Anyway, now that I've probably completely turned you off from ever reading this novel, I'll tell you what it's about...

Georgia Walker is a single mother who lives in NYC and owns her own knitting/yarn store. The store (Walker and Daughter) serves as the hub in this novel, home base for the cast of crazy characters that float in and out of Walker's life. I say single mother because technically she is - her baby daddy is absent from her daughter's life (until a few pages into the novel, that is), but in reality her daughter is being raised not only by Walker herself, but also by Anita, Georgia's mentor and fellow shopkeeper, and Peri and KC and Marty and...you get the idea. People like hanging out at the store and will often stick around to ask for help on a knitting project, and eventually a club of sorts is formed out of the regulars who always seem to be around on Friday nights.

The novel centers around the lives of the Walker women, but what I think it's really about in the end is the strength of female bonds, and the importance of knitting together a safety net for yourself. There are a couple of male characters in the book but they sort of seem to just add spice to the mix - they're not really what this is about. Walker has this great cast of characters in her life, and they irritate her from time to time, but I came to think of the friends in her life as different threads in her safety net - some of them are weaker threads, others are stronger, but when they all come together, she can lean on them and they'll support her when she needs it. So yes, knitting is what this novel is about in the literal sense but I think it's what it's about in the metaphorical sense as well - knitting together the support of the friends in your life to hold yourself up when you need it.

Did you see that coming?

Me neither.

4 comments:

Molly said...

so i needed some suggestions for books to read before i went to the library, so i perused your blog, so thanks. I already put 2 on hold (we have a wee library, so that is what you have to do). But the reason why I needed something to read was because I finished the Trueblood series with Sookie Stackhouse (Trueblood series on HBO is based on these books). They are Twilight for adults and better!

Tammar said...

Hi! I'm Molly Laufer's sister-in-law, which is how I found your blog. Awesome graphics, btw.
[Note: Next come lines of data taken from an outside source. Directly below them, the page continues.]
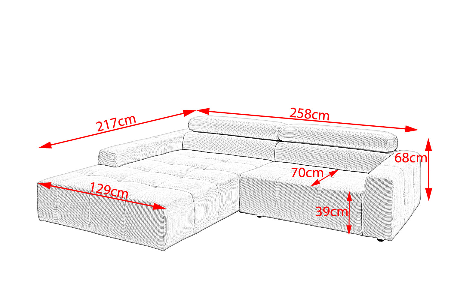 Entdecken Sie das stilvolle Ecksofa RENO von KAWOLA, das mit seinem hochwertigen Cordbezug und seiner raffinierten Kopfteilverstellung beeindruckt. Der Rundumbezug aus erstklassigem Cord verleiht diesem Ecksofa einen zeitlosen Charme und eine angenehme Haptik. Der ergonomisch geformte Rücken aus Schaumstoff sorgt für zusätzlichen Komfort, während die Wellenunterfederung und der PUR-Schaum im Sitzbereich ein angenehmes Sitzgefühl gewährleisten. Die innovative Kopfteilverstellung ermöglicht es Ihnen, die Kopfteile individuell zu neigen oder aufrecht zu stellen, um Ihre persönliche Entspannungsposition zu finden. Mit einem mittelfesten Sitzkomfort bietet das Ecksofa RENO die perfekte Kombination aus Stil und Gemütlichkeit. Erleben Sie pure Entspannung in Ihrem Wohnzimmer mit diesem bequemen und ansprechenden Möbelstück.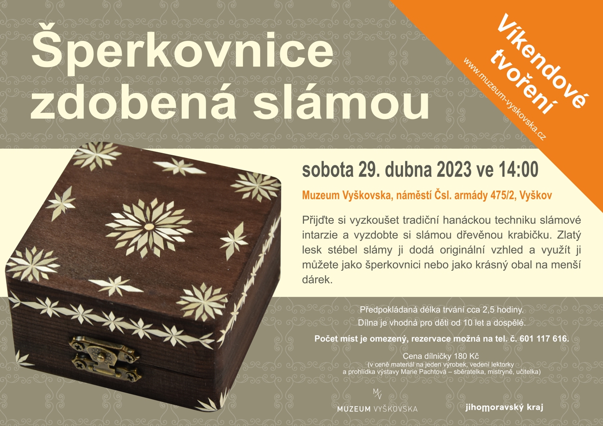Přijďte si vyzkoušet tradiční hanáckou techniku slámové intarzie a vyzdobte si slámou dřevěnou krabičku. Zlatý lesk stébel slámy ji dodá originální vzhled a využít ji můžete jako šperkovnici nebo jako krásný obal na menší dárek.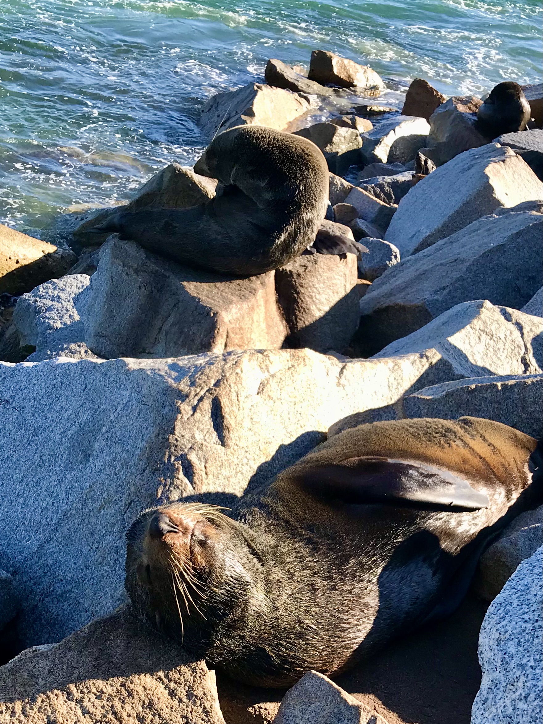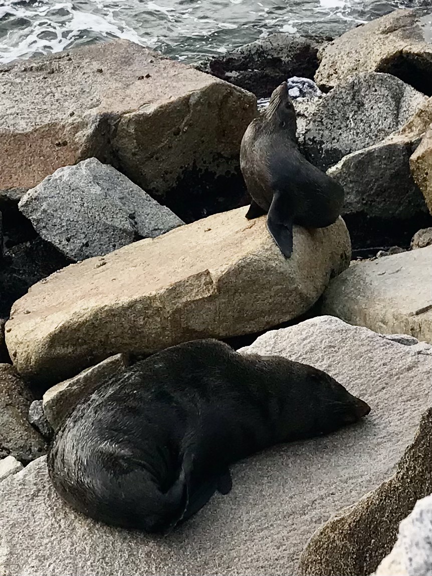 Later in the afternoon we walked out to the breakwater at Wagonga Inlet and perched on the rocks to watch about 10 seals basking in the sun. We were entranced by the huge, lazy creatures.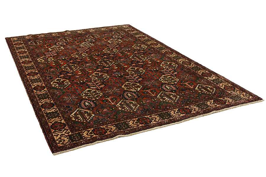 Bakhtiari Carpets : In the mountains Zagros, west of the city of Isfahan, around the town of Shahr-e-Kurd, live the nomads Bakhtiar. Their carpets are known for the design with various repeating squares in which flowers and animals are depicted. For this reason the design is called "garden"(Khesti). Their carpets are very durable with a dense weave and very good quality Persian wool coming from sheep grazing at a high altitude. The best Bakhtiar rugs and carpets with highest knot density are often called Bibibaff. Also in many designs we see influences from Isfahan carpets. (Boldaji - Feridan - Saman).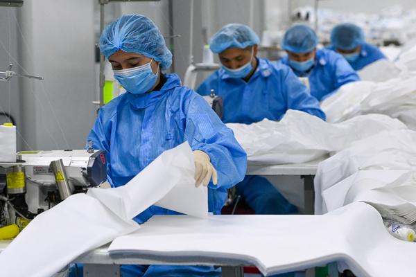 11日,在新疆墨玉縣產城融合園,新疆霸麗穆醫療器械有限公司的員工在生產防護服。地處塔克拉瑪干沙漠邊緣的新疆墨玉縣人均耕地少,產業基礎薄弱。近年來,墨玉縣堅持把招商引資作為產業發展的助推器,不斷優化產業結構,積極構建符合本地實際的現代產業體系,打造以襪業全產業鏈、電子全產業鏈為主的產城融合園,有效促進當地經濟發展,群眾增收致富。截至目前,墨玉縣產城融合園已入駐企業17家,涵蓋襪業、電子設備、服裝、鞋業、黃金加工等產業,帶動就業超過3000人。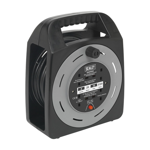 Sealey BCR25CB Cable Reel Box Type 25mtr 4 x 230V 1.25mm² Thermal Trip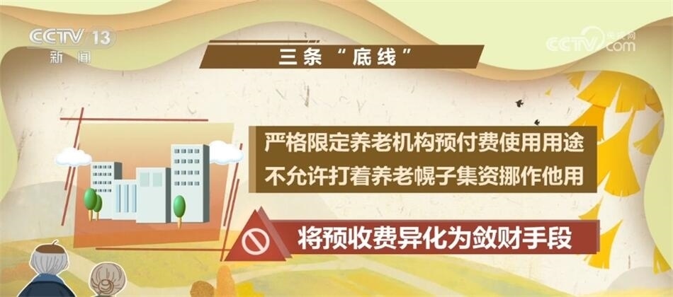 發(fā)布會上,民政部相關負責人介紹,《意見》還明確了三條安全“底線”:第一條是嚴禁養(yǎng)老機構超過床位供給能力“一床多賣”;第二條是嚴格限定養(yǎng)老機構預付費使用用途,不允許打著養(yǎng)老幌子集資挪作他用,將預收費異化為斂財手段;第三條是明確不得以承諾還本付息、給予其他投資回報等方式,誘導老年人及家屬交費,這是典型的非法集資行為。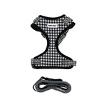 Barry King Zestaw szelki + smycz czarny/biały wzór pepitka poliester rozmiar S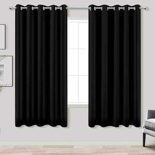 KOUFALL Black Curtains for Bedroom 63 Inch Length x 72 Inches Wide,Room Darkening Black Out Curtain 72×63 Inches Long
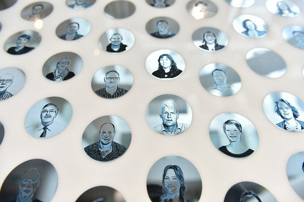 Phía sau quầy lễ tân là bức tường với hàng trăm khuôn mặt nhân viên được in theo dạng âm bản. Theo bà Ingrid Mol - Giám đốc Nghiên cứu và Phát triển của Tập đoàn FrieslandCampina, bức tường này thể hiện sự trân trọng và đề cao yếu tố con người trong sự phát triển của tập đoàn.
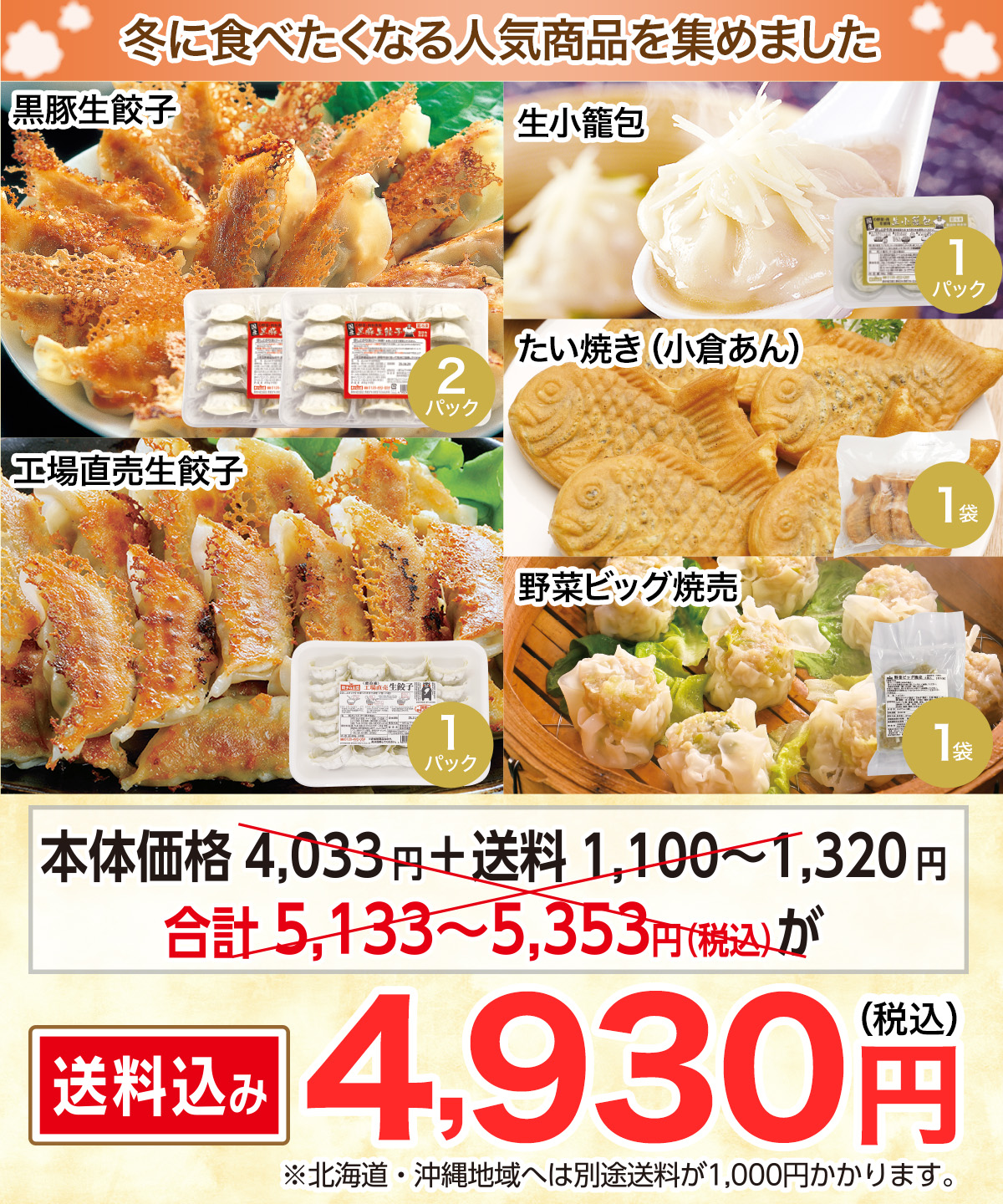 | 商品内容 | 冬のあったかセット【送料込】 セット内容:黒豚生餃子 30個(15個入×2パック)、工場直売生餃子 24個(24個入×1パック)、野菜がビッグ焼売 8個(8個入×1袋)生小籠包 6個(6個入×1パック)、たい焼き(小倉あん)5個(5個入×1袋)※餃子のタレは別売りです 購入はこちら |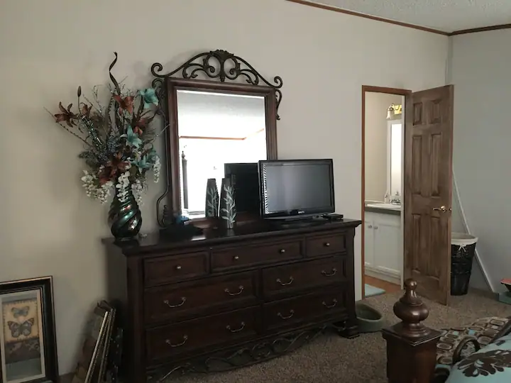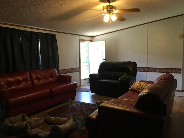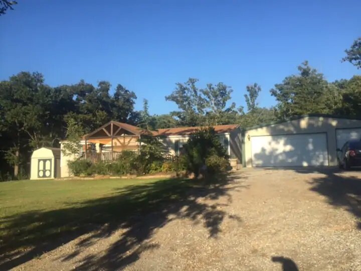 Beautiful fully renovated mobile home on Lake Texoma. 3b/2ba. Close to marinas, casinos, and more! 1 King bed, 2 queen beds. 2 full baths. Fully equipped kitchen! Large porch w/outdoor kitchen & hammock. Outside gas grill, propane fish fryers, electric smoker. Perfect for a relaxed vacation and even extended stays. We provide nightly, weekly, & monthly rates! My place is good for couples, solo adventurers, business travelers, families (with kids), big groups, and furry friends (pets).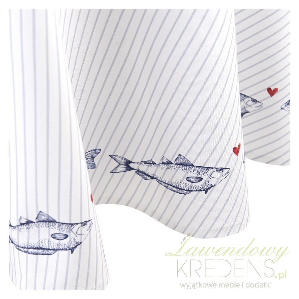 Ten biały, okrągły obrus w granatowe paski z uroczym motywem ryb, bez wątpienia przyciągnie uwagę Twoich gości. Jego wysokiej jakości bawełniana tkanina gwarantuje trwałość i miękkość dotyku, podkreślając jednocześnie autentyczny styl marynistyczny.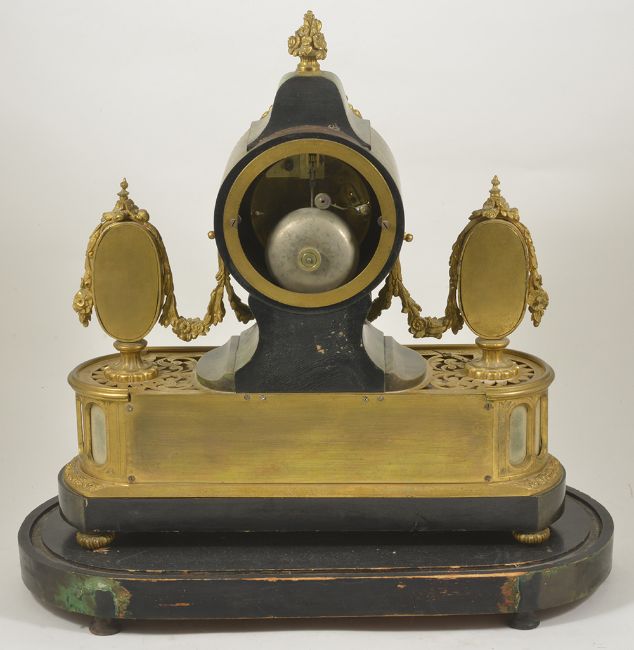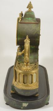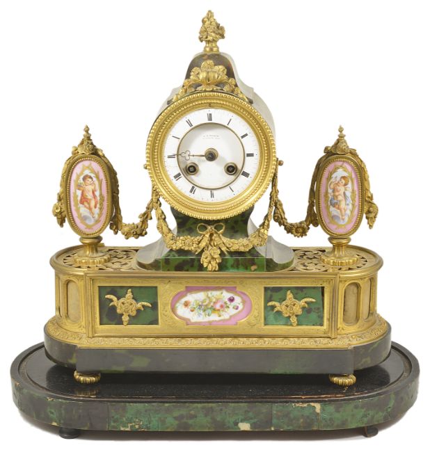 A French porcelain mounted ormolu mantle clockcirca 1860inset with simulated green stained turtle shell, and three panels of pink porcelain decorated with putti and flower sprays , with white enamel dial signed with retailers name A.B. Pearce, Ludgate Hill, on fitted ebonised base with similar turtle shell height 40cm, base 30cmCondition: Hair crack to dial, minute hand detached but present. Some wear and cracks to turtle shell and some panels missing to side and base. No glass dome. Bell striking movement complete but in a need of a clean. Has pendulum and winder. Some wear to ormolu.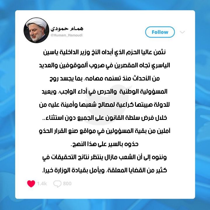 وقال الشيخ حمودي، في تغريدة على تويتر، "نثمن عاليا الحزم الذي أبداه الأخ وزير الداخلية ياسين الياسري تجاه المقصرين في هروب ألموقوفين والعديد من الأحداث منذ تسنمه مهامه، بما يجسد روح المسؤولية الوطنية والحرص في أداء الواجب، ويعيد للدولة هيبتها كراعية لمصالح شعبها وأمينة عليه من خلال فرض سلطة القانون على الجميع دون استثناء.. آملين من بقية المسؤولين في مواقع صنع القرار الحذو حذوه بالسير على هذا النهج".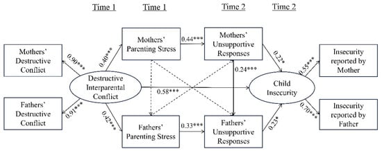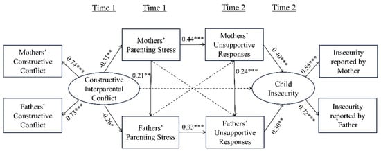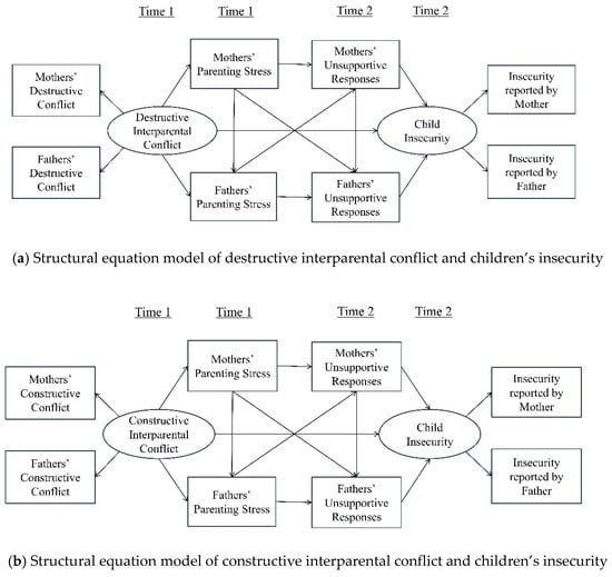 Chicago/Turabian StyleLee, Uiju, and Young-Eun Lee. 2024. "Destructive and Constructive Interparental Conflict, Parenting Stress, Unsupportive Parenting, and Children’s Insecurity: Examining Short-Term Longitudinal Dyadic Spillover and Crossover Process" Behavioral Sciences 14, no. 12: 1212. https://doi.org/10.3390/bs14121212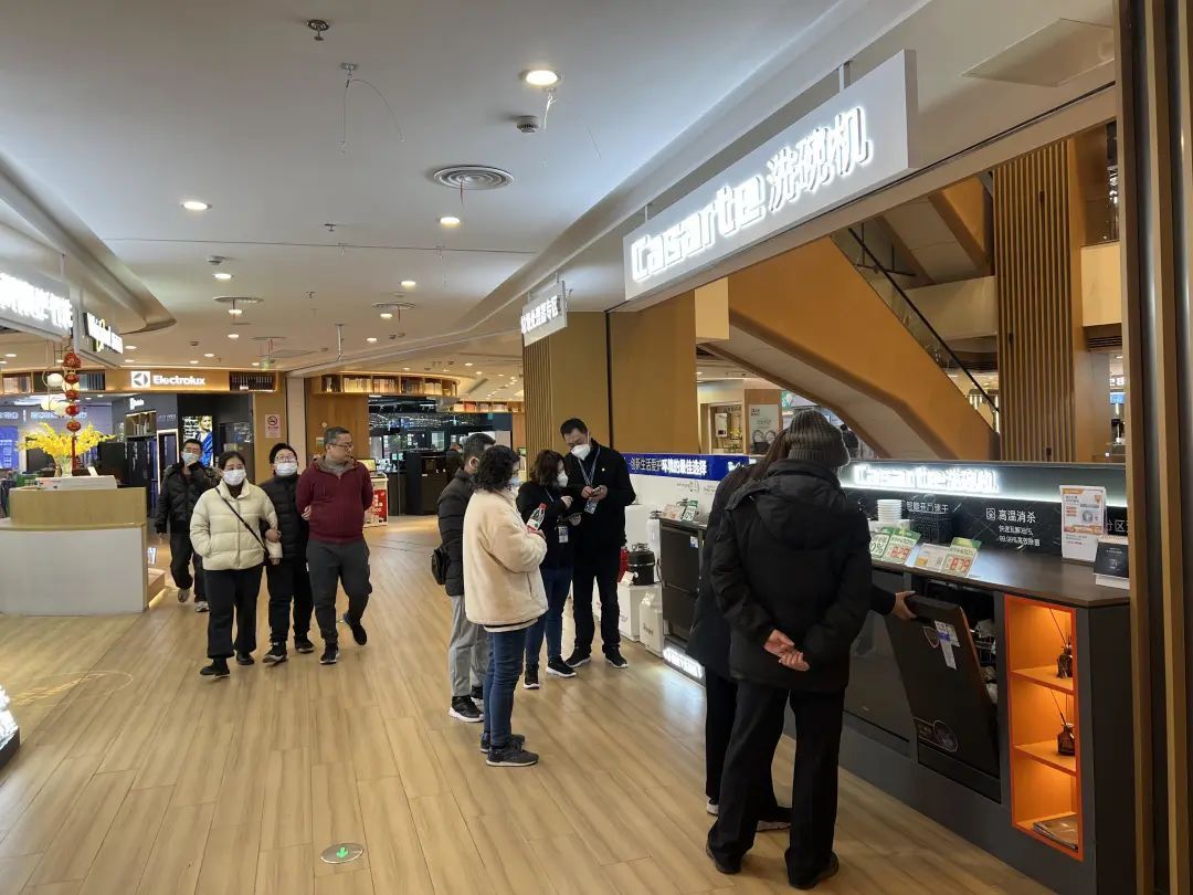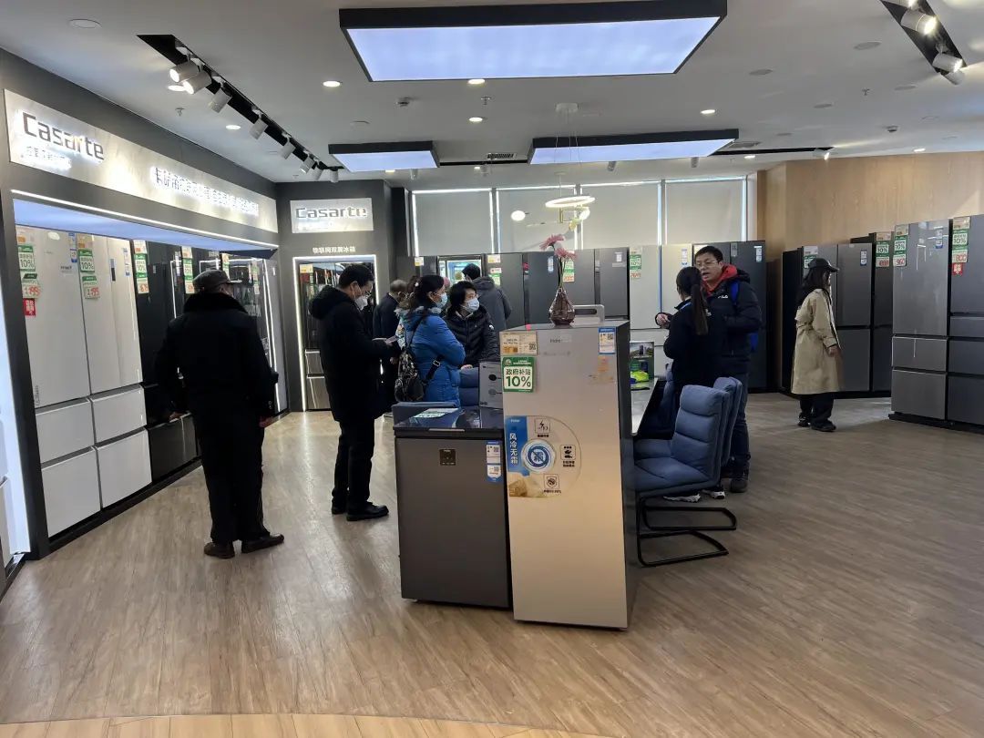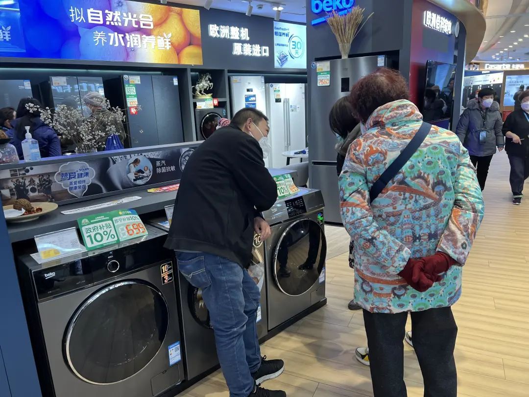 下午2点,记者在苏宁易购五角场店家用电器展区看到,不少顾客在选购商品。有市民在洗衣机展区看中了一款洗衣机,大小合适,价格实惠,直接下单收入囊中。他告诉记者,这款洗衣机有个特点,就是超薄,而他家放洗衣机的地方有点小,这款洗衣机刚好合适,所以趁着这次优惠活动买了。

I read TFNKC and the end was just awful! In a good way, but still, yeah, totally wrong for her to do that.

Bridgee said...

Thanks, Tammar! It's so cool to have a real author commenting on my blog :-) Agreed on TFNKC. I haven't started reading Knit Two yet...we'll see how that one turns out.

Molly said...

bridgee - just finished The Ames Girls and read the chapter about Christie while on the eliptical - totally had to hold in sobs. I had tears streaming down my face though. talk about awkward! thanks for the suggestion! I am now onto The Help!